Question

Compute the derivative of the given function. $$f(x)=2^{x^{3}+3 x}$$

Short answer

The derivative is \( f'(x) = 2^{x^3 + 3x} \ln(2) \times 3(x^2 + 1) \).

Step-by-step solution

Recognize the Function Type

The function given, \( f(x) = 2^{x^3 + 3x} \), is an exponential function where the base is a constant and the exponent is a function of \( x \). To find the derivative, we use the chain rule for differentiation and properties of exponential functions.

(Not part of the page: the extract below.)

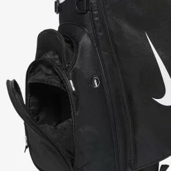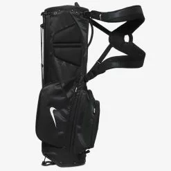 Enjoy the green with the Nike Sport Lite Golf Bag. The anatomically correct Nike Equaflex dual strap offers a balanced feel, so you can play all 18 holes in comfort. If the weather turns wet, a water-resistant, fleece-lined pocket keeps your valuables secure and dry and a rain hood deflects the elements

Start with the General Formula

For a function \( a^{u(x)} \), the derivative is \( \frac{d}{dx}\left(a^{u(x)}\right) = a^{u(x)} \ln(a) \frac{du}{dx} \). In our case, the base \( a \) is \( 2 \) and \( u(x) = x^3 + 3x \).

Differentiate the Exponent

Find the derivative of \( u(x) = x^3 + 3x \). This derivative \( \frac{du}{dx} = 3x^2 + 3 \), because the derivative of \( x^3 \) is \( 3x^2 \) and the derivative of \( 3x \) is \( 3 \).

Apply the Chain Rule

Substitute back into the formula: the derivative of \( f(x) = 2^{x^3 + 3x} \) is \( f'(x) = 2^{x^3 + 3x} \ln(2)(3x^2 + 3) \). This combines the exponential function's derivative rule and the chain rule.

Simplify the Expression

The expression \( f'(x) = 2^{x^3 + 3x} \ln(2) (3x^2 + 3) \) can be further simplified if required, recognizing that \( 3x^2 + 3 = 3(x^2 + 1) \). Thus, \( f'(x) = 2^{x^3 + 3x} \ln(2) \times 3(x^2 + 1) \).

Key concepts

Exponential Functions

Exponential functions are essential components in calculus and mathematical analysis. They are characterized by having a constant base raised to a variable exponent. In the function given, \( f(x) = 2^{x^3+3x} \), 2 is the constant base, and the expression \( x^3 + 3x \) is the variable exponent. Exponential functions have unique properties such as rapid growth or decay, which can be seen in real-world scenarios like population growth or radioactive decay.

• Rapid Growth: The value of an exponential function increases quickly as the variable in the exponent rises.
• Continuous Change: Exponential functions can model phenomena with continuous change.

Understanding their behavior provides insights into various dynamic systems. Typically, these functions exhibit exponential growth in mathematical terms of \( a^x \), where 'a' is a constant greater than one.

Chain Rule

The chain rule is a fundamental tool in calculus that deals with the differentiation of composite functions. Consider a function \( g(x) = f(h(x)) \) where you must differentiate a complex expression. The chain rule allows us to find the derivative of such functions by breaking them into simpler parts.
For the function \( f(x) = 2^{x^3 + 3x} \), the exponent \( x^3 + 3x \) acts as an inner function. The chain rule can be expressed as follows:

• Differentiate the outer function while keeping the inner function constant.
• Multiply by the derivative of the inner function.

In the context of our function, applying the chain rule involves differentiating \( 2^{x^3 + 3x} \) with respect to \( x \). First, treat \( 2^{u} \) as the outer function where \( u = x^3 + 3x \). Then differentiate \( u \) to find \( \frac{du}{dx} = 3x^2 + 3 \). The chain rule efficiently computes the derivative by systematically handling nested functions.

Derivative Calculation

Calculating the derivative is a core skill in calculus, and it's crucial for understanding how functions change at any given point. The derivative of a function measures its rate of change and is found using rules like the chain rule and basic differentiation principles.
For the function \( f(x) = 2^{x^3 + 3x} \), we first recognize it as an exponential function where the derivative follows the form \( \frac{d}{dx}(a^{u}) = a^{u} \ln(a) \cdot \frac{du}{dx} \). Here, the steps are:

• Identify \( a \) as 2 and \( u(x) \) as \( x^3 + 3x \).
• Find the derivative of \( u(x) \), which is \( 3x^2 + 3 \).
• Plug these into the formula yielding \( f'(x) = 2^{x^3 + 3x} \ln(2)(3x^2 + 3) \).
• Simplify further if necessary to \( f'(x) = 2^{x^3 + 3x} \ln(2) \times 3(x^2 + 1) \).

This process not only yields the derivative but also illustrates the systematic use of calculus rules to tackle complex functions.